The History of Chatham
Chatham’s history has been inexorably entwined with the Royal Navy since 1547 when King Henry VIII rented a storehouse on Jyllingham Water. Twenty years later the anchorage that had formed there was named Chatham after a nearby village and the gradual process of development there gathered pace. ‘Ceteham’ is noted in the Domesday Book of 1080 and a Celtic trackway passed through what is known to have been a settlement in the forest, near to the estuary of the River Medway . Ceto is an ancient British word meaning ‘forest’ and ‘ham’ a common old English word for settlement or hamlet. The Romans used the route of the Celtic track as the basis for their paved road, later called Walting Street. Parts of this now make up the A2. Various interesting archeological finds in the area include a Roman cemetery. The Saxon manor at Chatham was handed to Earl Godwinson after the Norman Conquest .
By 1570 a mast pond, storehouses and a forge had been built to support the growing maritime presence there. Such was the town’s importance by 1580 that Queen Elizabeth chose to entertain foreign dignitaries there. The Tudor queen had previously established Chatham as a Royal Dockyard in 1568. Chatham’s development as a Royal Dockyard continued at pace and shipbuilding grew rapidly there, as did the wharfage and the growth of the defensive facilities needed to protect it all from various enemies of England. A Dutch raid in 1667 tested the earlier defences and they proved woefully inadequate, despite the construction of Upnor Castle in 1567. From 1756 the increasing threat of powerful invasion forces from the Continent prompted the development of far stauncher defences centred on the peninsular at the bend of the Medway. A string of fortifications included larger facilities such as Fort Amherst .
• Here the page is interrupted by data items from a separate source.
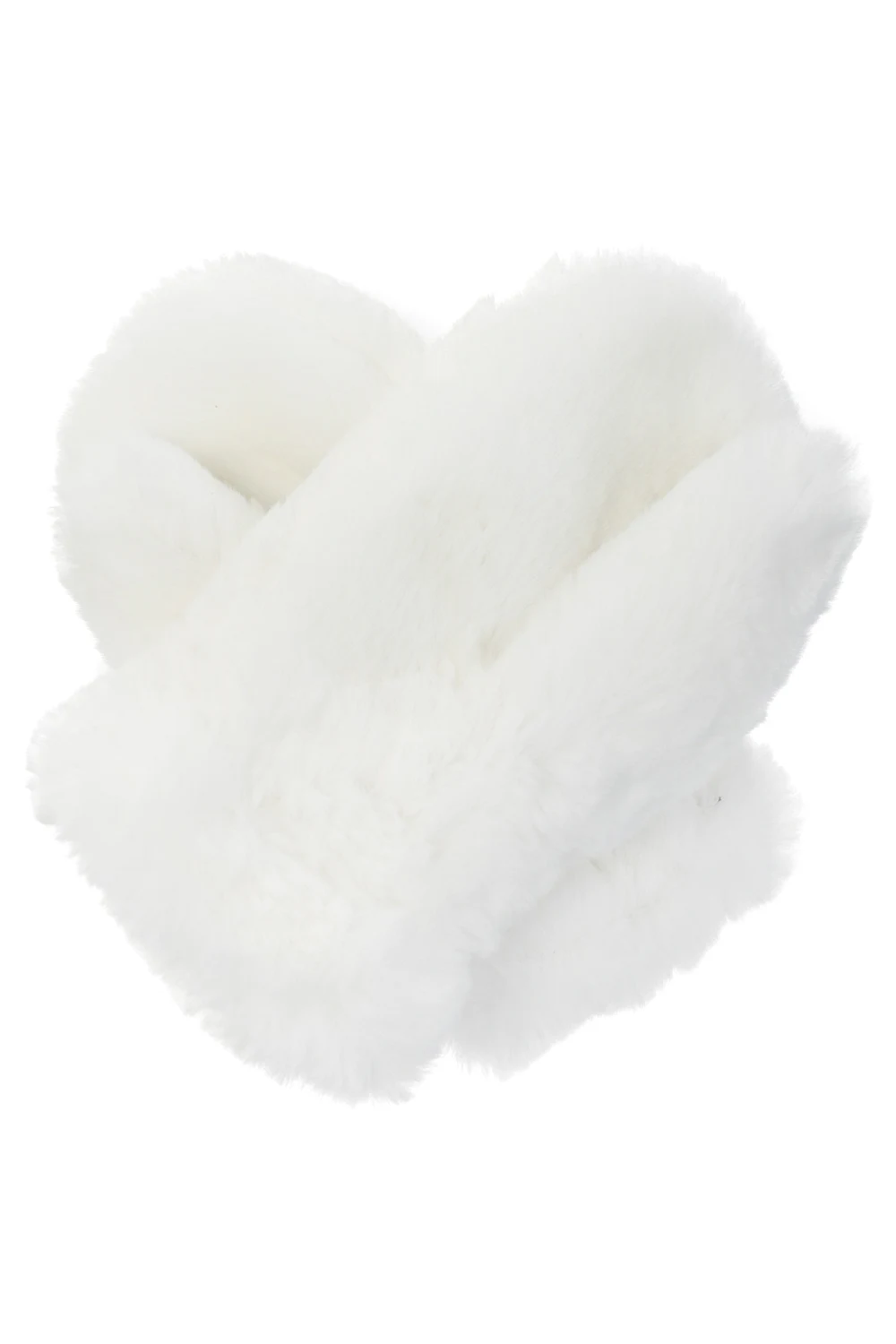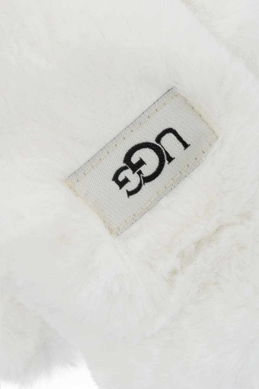 Białe rękawice UGG Kids. Wykonane z materiału imitującego futro. Ozdobione biało-czarną naszywką z logo.
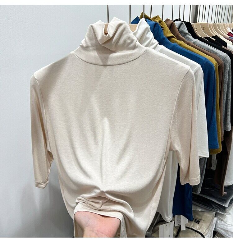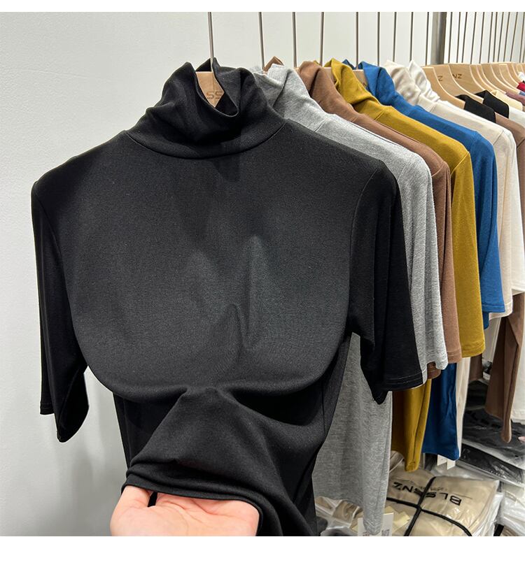スタイル綿 Tシャツ女性 2023 春夏半袖白トップス基本 Tシャツ女性服タートルネック Tシャツ ショート ホワイト コットン ハーフスリーブ スプリング 春物 サマー 夏物 Son16922933576
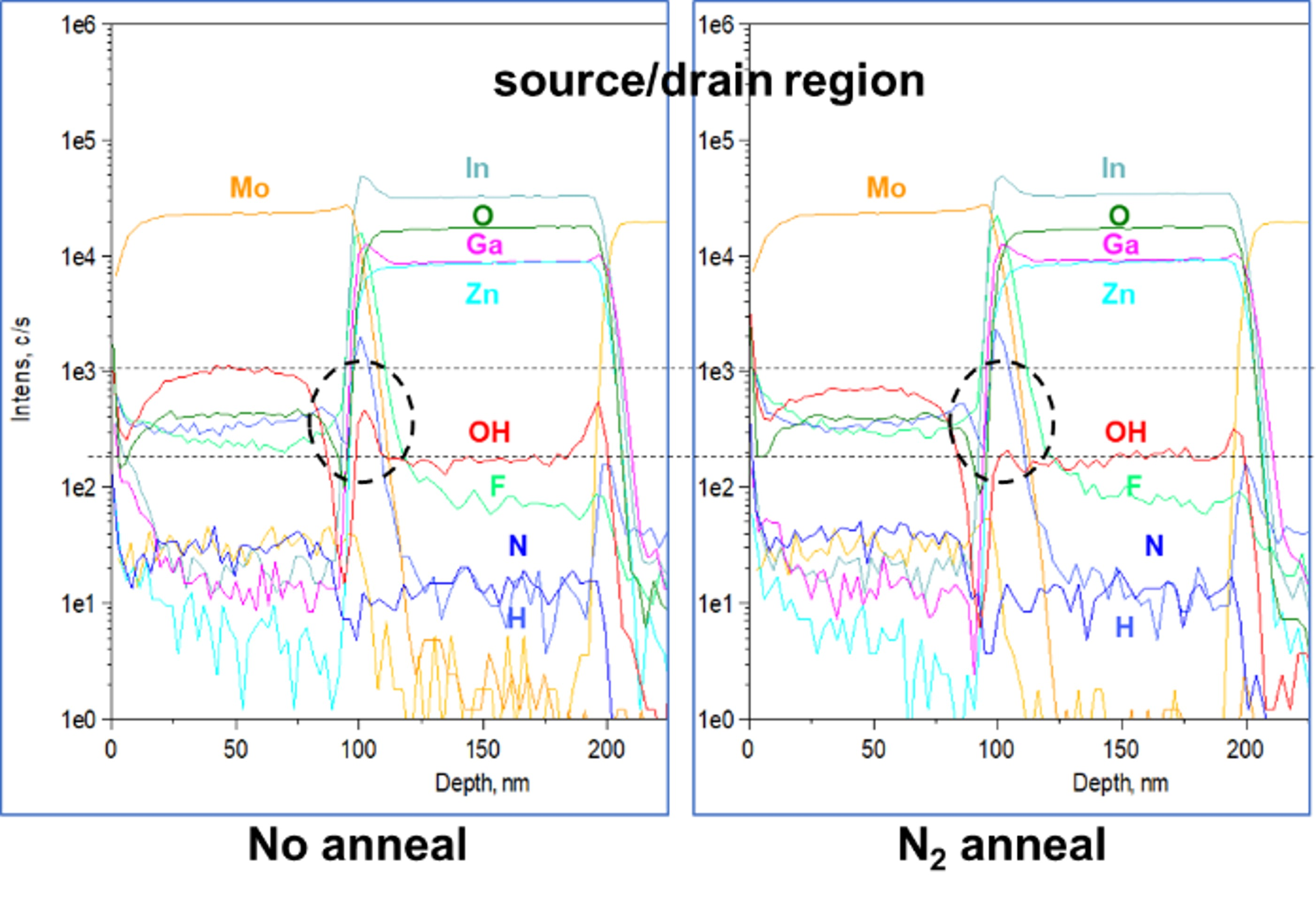 TFT, IGZO, electrical characteristics, process parameters, N2 anneal, SIMS, X-ray photoelectron spectroscopy (XPS), transmission electron microscope (TEM)

As fears of attack overland from the south increased, the military responded by fortifying that route too. It is a clear illustration of the historic and strategic importance of the dockyard at Chatham that such expenditure was undertaken to protect it. The dockyard employed thousands of men, as well as being home to the many soldiers and sailors who were either billeted in the area or on ship docking there. Chatham thrived on all the activity and the money that it all brings. The fort building projects continued, providing valuable employment for local men and great business opportunities for local merchants. Fort Pitt was built between 1809 and 1819 in another concentrated phase of fort building. Later Fort Pitt was to serve as a hospital and the location of the Army’s first medical school. Yet more fort building was ordered in 1859, this resulted in the construction of Fort Borstal, Fort Bridgewood and Fort Luton. The famous flagship of Admiral Horatio Nelson , the HMS Victory, was built at Chatham in the 1760s. The massive military presence in the area resulted in huge development to house everyone, as well as creating rapid expansion in Chatham and the surrounding area. Large barrack complexes were built included Kitchener Barracks (c 1750-1780), the Royal Marine Barracks (c 1780), Brompton Artillery Barracks (1806) and Melville Barracks. In addition to these were H.M.S. Collingwood and H.M.S. Pembroke, both naval barracks. Rochester and Gillingham both benefitted so much from all the economic and military activity that the three towns soon fused into one large conurbation that has come to be known as the Medway Towns. Grand Georgian buildings and swathes of Victorian terraces mark some of the town’s phases of expansion. Large suburban sprawls of corporation and private housing built between the World Wars and since them grew up around the old town centre.
The dockyard which had been the pillar of Chatham’s rise was to decline in the late 20th century. Such was the decline that it closed completely in 1984, the loss of the Historic Royal Dockyard was a huge blow to Chatham. Aggressive efforts by local and national government, and the enterprise of local business, helped the region to recover and bounce back vigorously.